In recent years, cities across the country have worked to tackle the problem, adopting “Vision Zero” plans, modeled on a successful Swedish initiative of the same name, with the goal of eliminating traffic fatalities outright. But while many cities have made progress toward that goal, pedestrian deaths have proved difficult to eradicate.
In New York, for example, overall traffic deaths fell to their lowest levels in more than a century last year, though pedestrian deaths increased, mirroring the longer-term trend nationwide. The last time the number of pedestrian deaths in the country was higher was 1990, when 6,482 people were killed.
Nationally, overall traffic deaths fell 6 percent from 2008 to 2017, but pedestrian deaths rose 35 percent over that same period.
“Vehicles are becoming safer, but as pedestrians we don’t have that same armor protecting us,” Adkins said.
Many of those deaths are occurring at night. From 2008 to 2017, the number of nighttime pedestrian fatalities increased by 45 percent while daytime pedestrian fatalities increased by 11 percent.
A 2016 analysis in New York found that daylight saving time contributed to the problem: Earlier sunsets and darkness in the fall and winter were linked to more pedestrian traffic fatalities. In response, the city has since instated an awareness campaign to remind drivers of the increased risk during winter.
In its effort to reduce pedestrian deaths, the city has focused on what the data show, redesigning particularly dangerous streets, reducing speed limits and even giving pedestrians a head start over vehicles when crossing streets, according to Polly Trottenberg, New York’s transportation commissioner.
“It’s geography, it’s seasonality and time of day, it’s speed management, it’s driver behavior,” she said.
Five states accounted for nearly half of the projected deaths: Arizona, California, Florida, Georgia and Texas.
Florida is the deadliest state for pedestrians, according to a January report from the National Complete Streets Coalition, a program within the nonprofit advocacy group Smart Growth America. But it has made considerable strides toward reducing pedestrian deaths, Retting said.
For example, he said, the state has invested $100 million to improve lighting in about 2,500 locations throughout the state to make it easier to see pedestrians using or crossing roads at night.
“That’s the kind of action that’s called for,” Retting said.
The state also recently overhauled its roadway design manual with a renewed focus on “putting the right road in the right place,” said DeWayne Carver, who manages the state’s Complete Streets program. Florida has also put a pedestrian and bicycle safety plan in place.
Such infrastructure improvements are keys to improving safety, he said, but technological improvements can help, too.
Last year, for example, the nonprofit Insurance Institute for Highway Safety found that Subaru’s collision-avoidance system, EyeSight, led to a 35 percent reduction in pedestrian-related insurance claims.
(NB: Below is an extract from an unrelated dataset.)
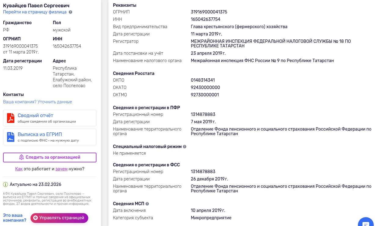 КФХ Кувайцев Павел Сергеевич зарегистрировано 11 марта 2019 года и по-прежнему числится действующим. Домен agroinvestrf ru зарегистрирован в 2023 году на частное лицо со скрытыми данными. Налоговая отчетность по данным публичного сервиса ФНС не найдена — на это прямо указывает запись на сайте самого проекта в разделе про риски. Это существенный момент для тех, кто рассматривает проект как объект для займа.
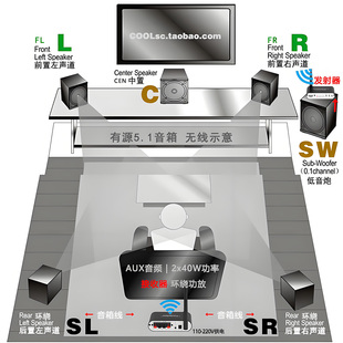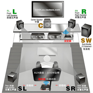 5.8G无线5.1环绕音箱用功放发射器影院后置立体声50W接收器放大器

“One of the things we can do as consumers and as a nation is to get this kind of technology in every car,” Retting said.
The National Complete Streets Coalition report ranked states and metropolitan areas using a calculation called the Pedestrian Danger Index, which controls for the number of people who live in the state as well as the number of people who walk to work.
Florida cities accounted for eight of the 10 most dangerous metropolitan areas for walking, and the state itself ranked first in the nation with 5,433 pedestrian deaths between 2008 and 2017.
The problem of pedestrian fatalities is nearly as old as the car itself. In early 1886, Karl Benz, of Germany, applied for a patent on what is often credited as the first gas-powered automobile. A decade later, Bridget Driscoll became its first pedestrian victim, according to Guinness World Records.